А колхоз наш «Октябрь» создали в сорок девятом. Поработал я год в полеводстве, а потом целых 12 лет был в кузнице молотобойцем. Так за день намахаешься, что земли под собой не чувствуешь. Молоточек–то весом килограммов десять. А что получал за труд — и говорить не стоит. Но жили...
В 1959 году женился. Повезло мне связать свою жизнь с Вероникой Павловной. Она мне самый родной человек. И теперь я души в ней не чаю. Родили двоих сыновей и дочь. А те, в свою очередь, — внуков. Жизнь действительно бесконечна...
Образование у меня всего 4 класса.
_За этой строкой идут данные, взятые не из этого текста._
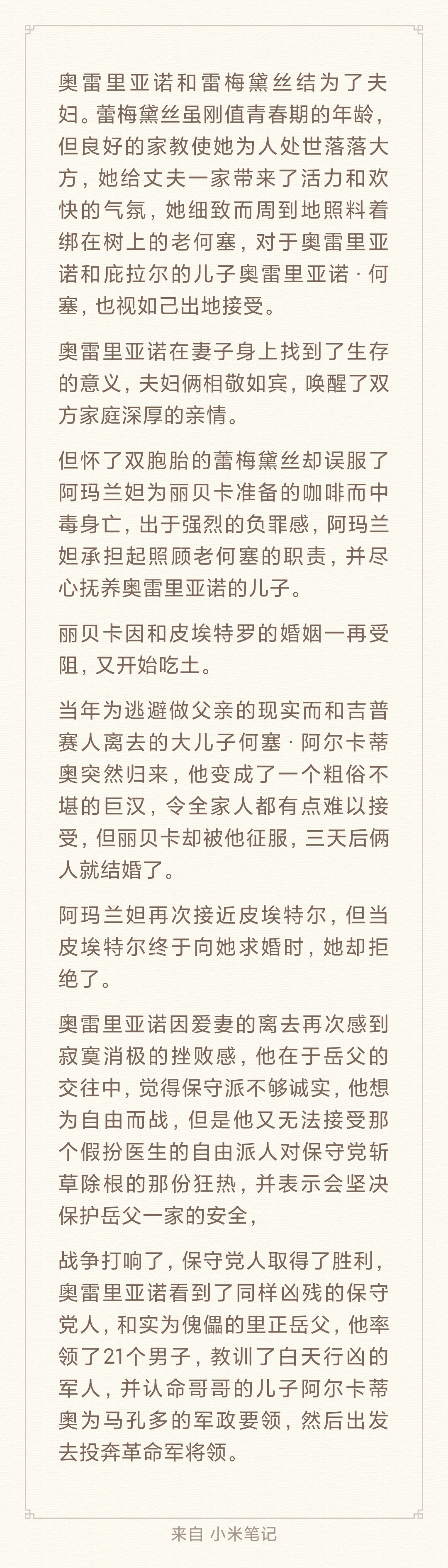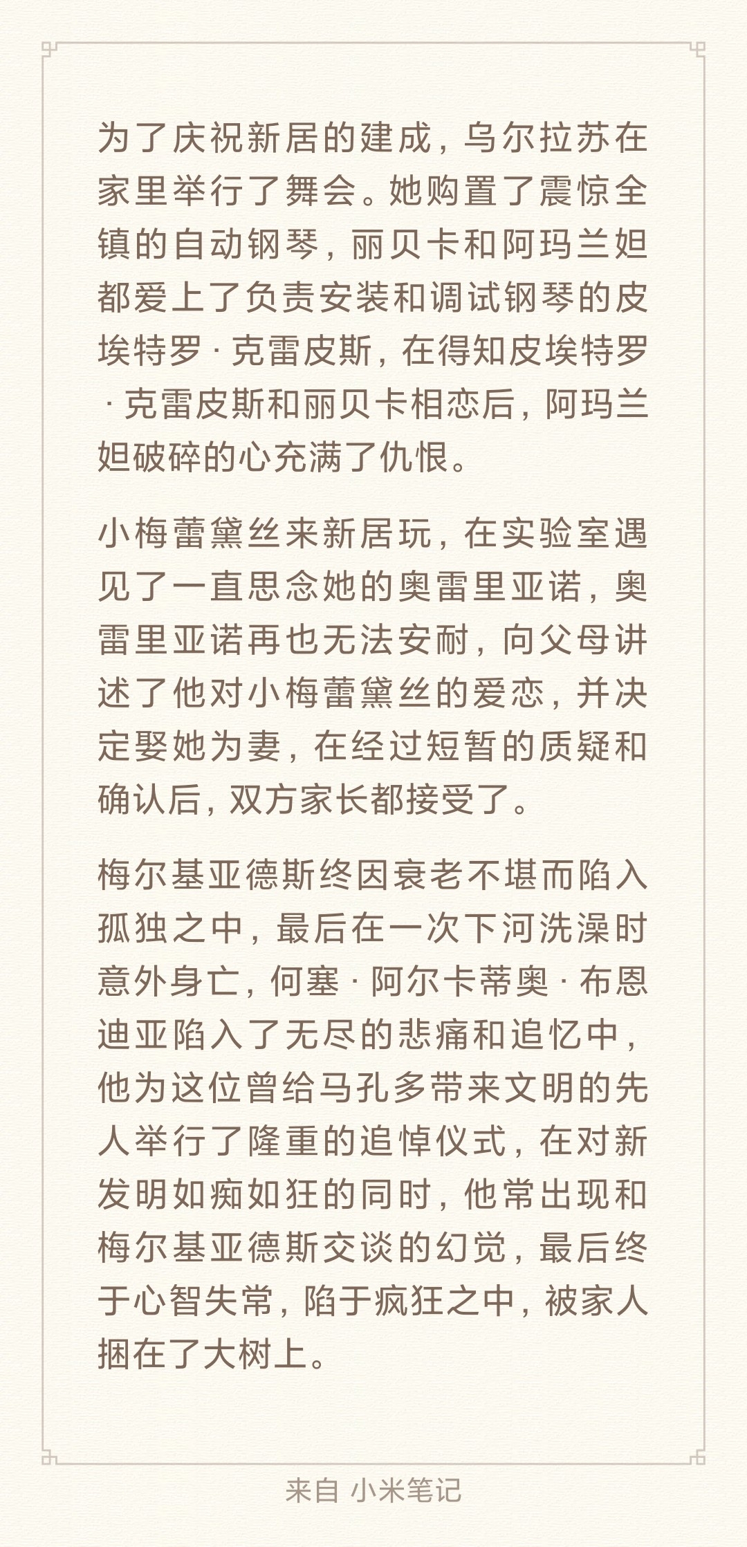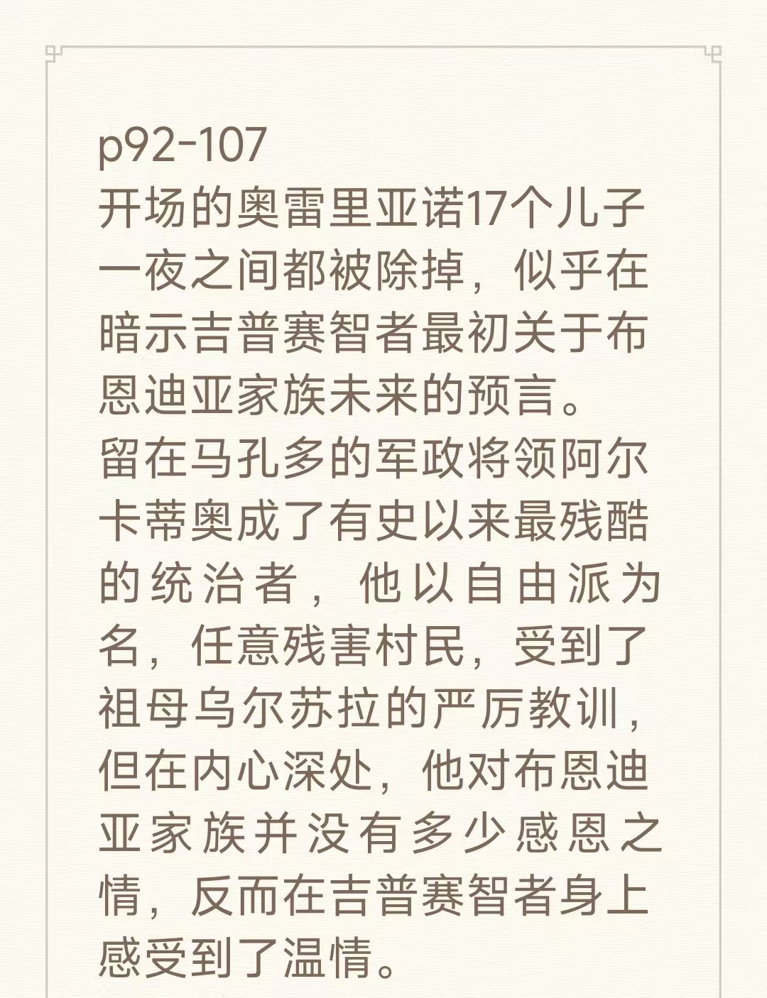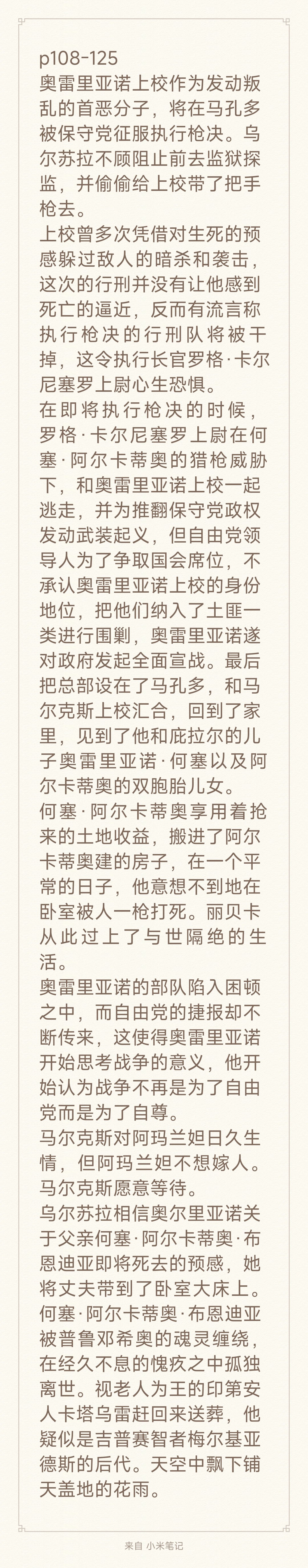 继续《百年孤独》第71页—91页,内容梗概见图。 对于奥雷里亚诺校长来说,两个女人他都没保护好。第一个是因为他不够及时,而第二个,他的妻子,在家里都会被毒死,在受挫自责的同时,他对家人的感情也拉开了距离。 当自由党保守党派战争打响,出于一种内心的正义和对自我的释放,他投入到了战斗中,寻找自己的存在。

И вот представьте себе, назначают меня в 1962 году заведующим гаражом. А это — 16 автомашин. ПТУ я не оканчивал. Даже на курсах не обучался. Но двигатель постиг в совершенстве. Самоучкой. Глаза закрою — и вижу, как все там вращается. До любой неисправности мог докопаться сам. Бывало, ночь просижу над книгами, но разберусь. Потом работал механиком. Много лет слесарил.
Жизнь в колхозе потихоньку налаживалась. Но своего расцвета она достигла, когда руководил хозяйством Виталий Ильич Кремко. Герой Беларуси.
Это редкое явление, если колхозные пенсионеры пользуются благами коллективного труда, как и работающие. Раз в квартал на двоих мы получаем 30 кг мяса. Бесплатно. А молока каждый месяц по 40 литров. Целый бидон! И зерна в год больше тонны.
Все у нас есть. А самое главное — вот этот уголок земли родной. И родительский дом моих детей и внуков, у которого совсем другая судьба, чем у моего.
Фото автора.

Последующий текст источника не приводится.